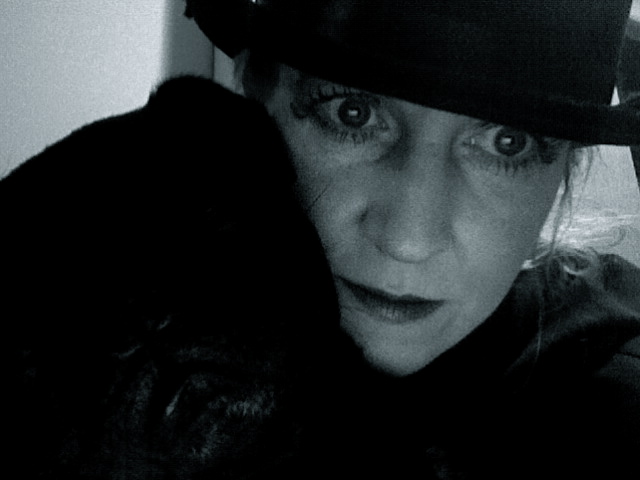 Me and my dogs. (top) Wee little Pablo, our Old Boston Bulldog puppy and (bottom) Fernando our pug. Mistaya practiced her theatre makeup skills on me last week and then we took these pics. I think they are just festive enough for the pending New Years Eve Celebrations!
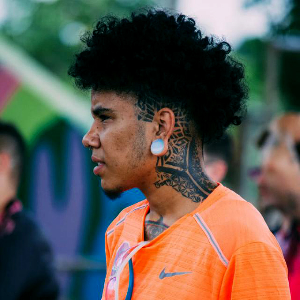 Trans, faz parte dos Meninos Bons de Bola, musicista, tatuador e artista visual.
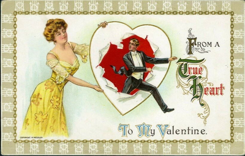 Как и многие другие праздники, День святого Валентина уходит корнями в фестивали Древнего Рима. Правда, в них не было большой романтики: мы рассказывали, как римские вакханалии превратились в день для влюбленных. В России праздник стал популярным в 1990-х годах, когда на наши экраны хлынули зарубежные фильмы, в которых периодически упоминался День святого Валентина. Тогда же закрепилась и традиция ― дарить милые открытки в виде сердечек. Однако валентинкам на самом деле много столетий. Мы отыскали старинные открытки, которыми возлюбленные поздравляли друг друга в этот праздник в разные времена.
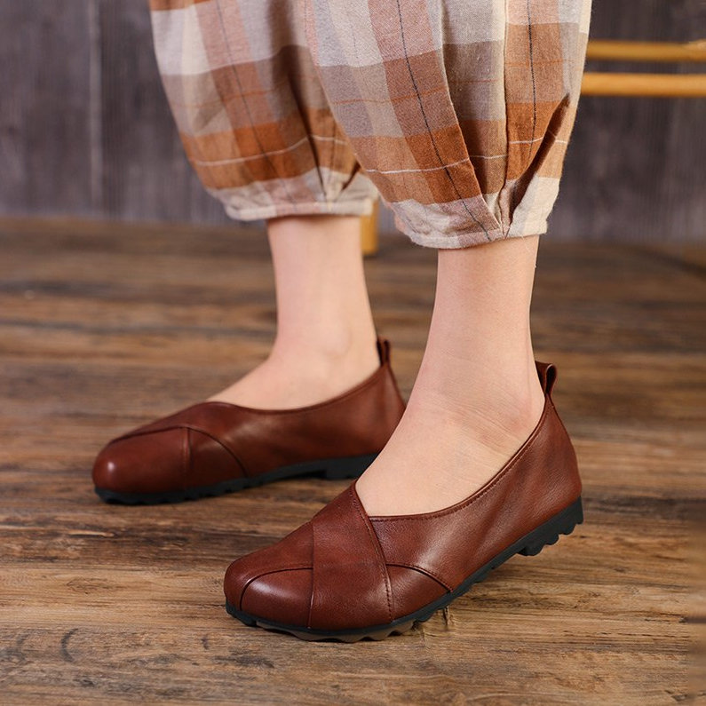 soft leather slip-on flat shoes W44
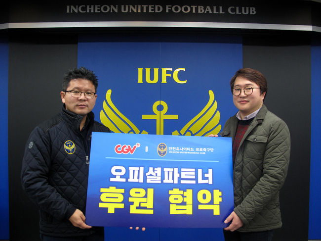 인천유나이티드와 CGV 인천점은 지난 23일 인천축구전용경기장에서 오피셜 파트너 협약을 맺었다. 이에 따라서 인천과 CGV 인천점은 올 한해 손을 맞잡고 스포츠와 문화산업의 공동발전을 추구하게 됐다.
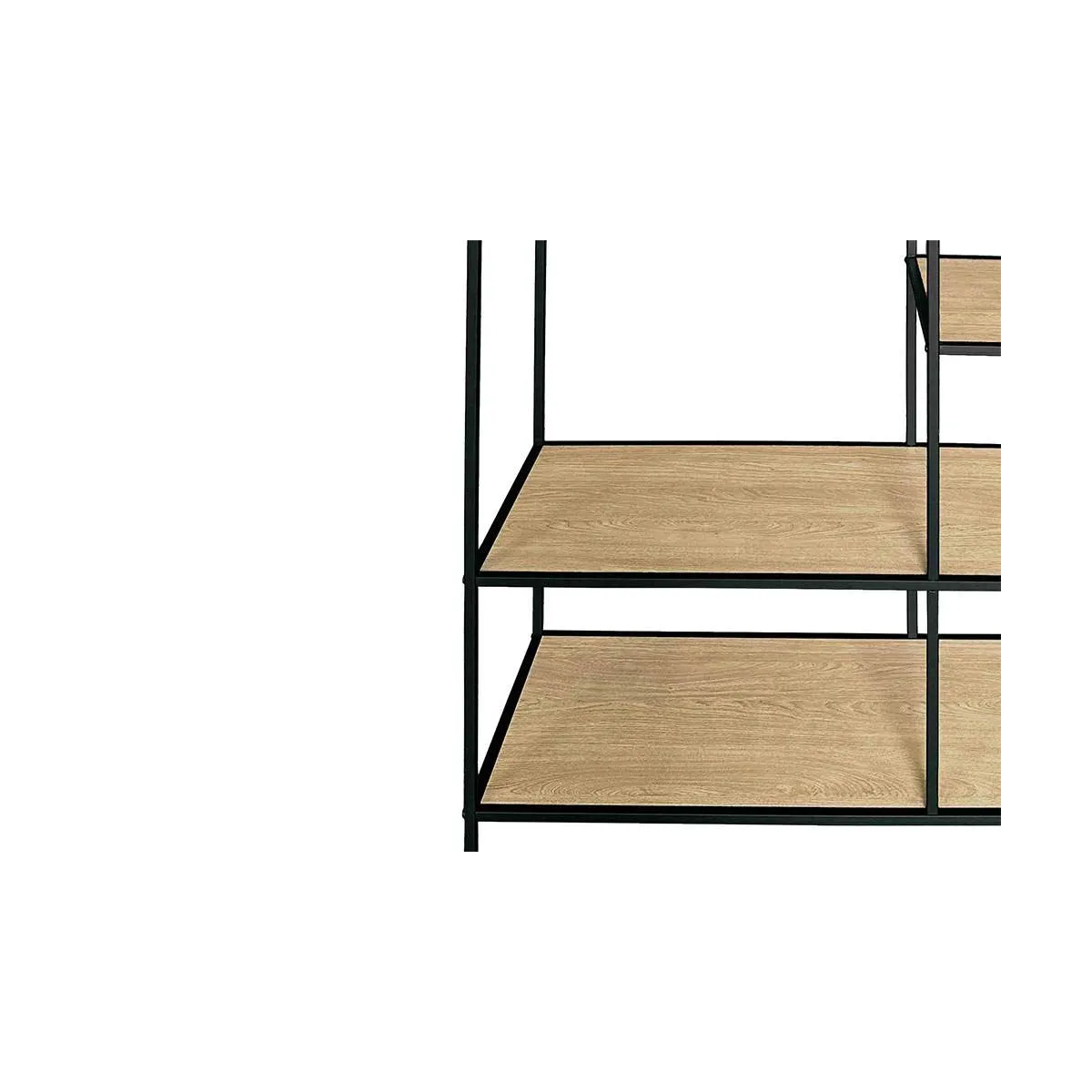 La mesa de escritorio con estantería Seaford, de 5 huecos, acabada en dos versiones de color: lacado negro y tablero laminado en color Roble y lacado negro y tablero laminado en color negro, es perfecta para espacios reducidos y sus líneas sencillas que recuerdan a un estilo nórdico muy acentuado, darán a tu estancia una funcionalidad y una calidez propia...
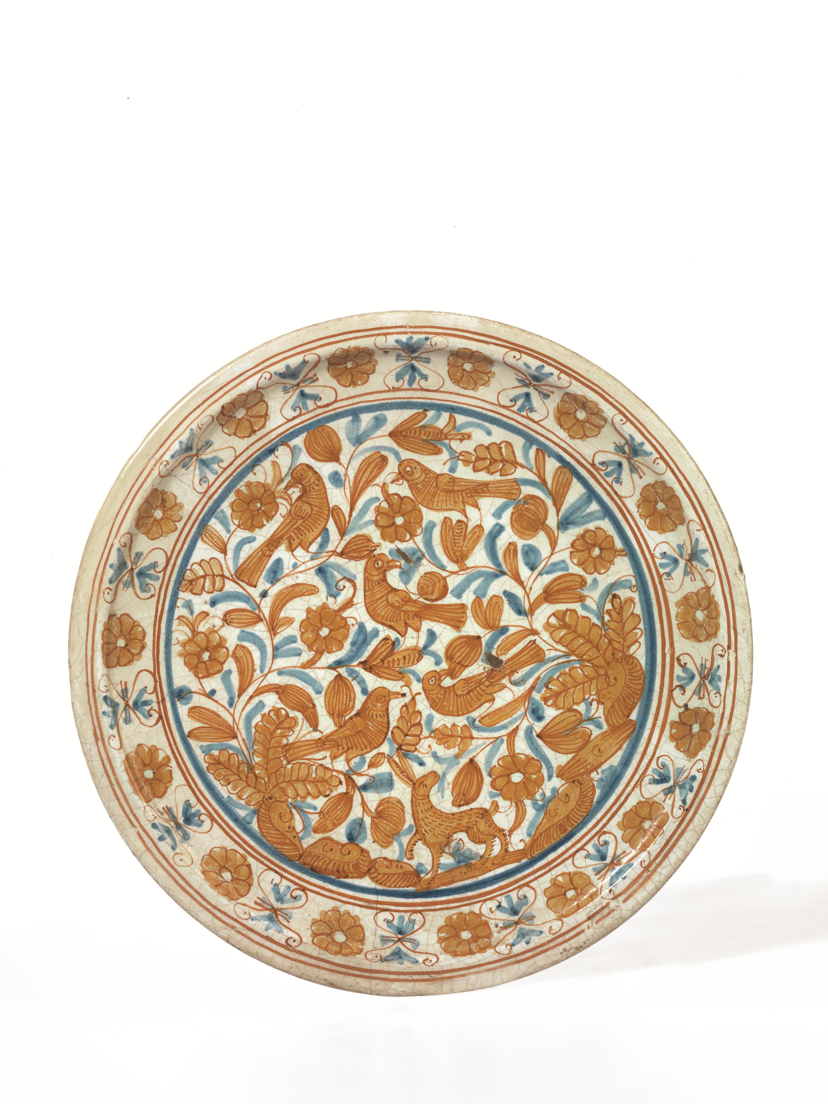 Alzata, Deruta, sec. XVII, in maiolica decorata a motivo vegetale e volatili...

**WHAT THE TASK REQUIRES:** The records above must be printed exactly; the pictures stay out.

**WRITTEN ANSWER:**
 Me and my dogs. (top) Wee little Pablo, our Old Boston Bulldog puppy and (bottom) Fernando our pug. Mistaya practiced her theatre makeup skills on me last week and then we took these pics. I think they are just festive enough for the pending New Years Eve Celebrations!
 Trans, faz parte dos Meninos Bons de Bola, musicista, tatuador e artista visual.
 Как и многие другие праздники, День святого Валентина уходит корнями в фестивали Древнего Рима. Правда, в них не было большой романтики: мы рассказывали, как римские вакханалии превратились в день для влюбленных. В России праздник стал популярным в 1990-х годах, когда на наши экраны хлынули зарубежные фильмы, в которых периодически упоминался День святого Валентина. Тогда же закрепилась и традиция ― дарить милые открытки в виде сердечек. Однако валентинкам на самом деле много столетий. Мы отыскали старинные открытки, которыми возлюбленные поздравляли друг друга в этот праздник в разные времена.
 soft leather slip-on flat shoes W44
 인천유나이티드와 CGV 인천점은 지난 23일 인천축구전용경기장에서 오피셜 파트너 협약을 맺었다. 이에 따라서 인천과 CGV 인천점은 올 한해 손을 맞잡고 스포츠와 문화산업의 공동발전을 추구하게 됐다.
 La mesa de escritorio con estantería Seaford, de 5 huecos, acabada en dos versiones de color: lacado negro y tablero laminado en color Roble y lacado negro y tablero laminado en color negro, es perfecta para espacios reducidos y sus líneas sencillas que recuerdan a un estilo nórdico muy acentuado, darán a tu estancia una funcionalidad y una calidez propia...
 Alzata, Deruta, sec. XVII, in maiolica decorata a motivo vegetale e volatili...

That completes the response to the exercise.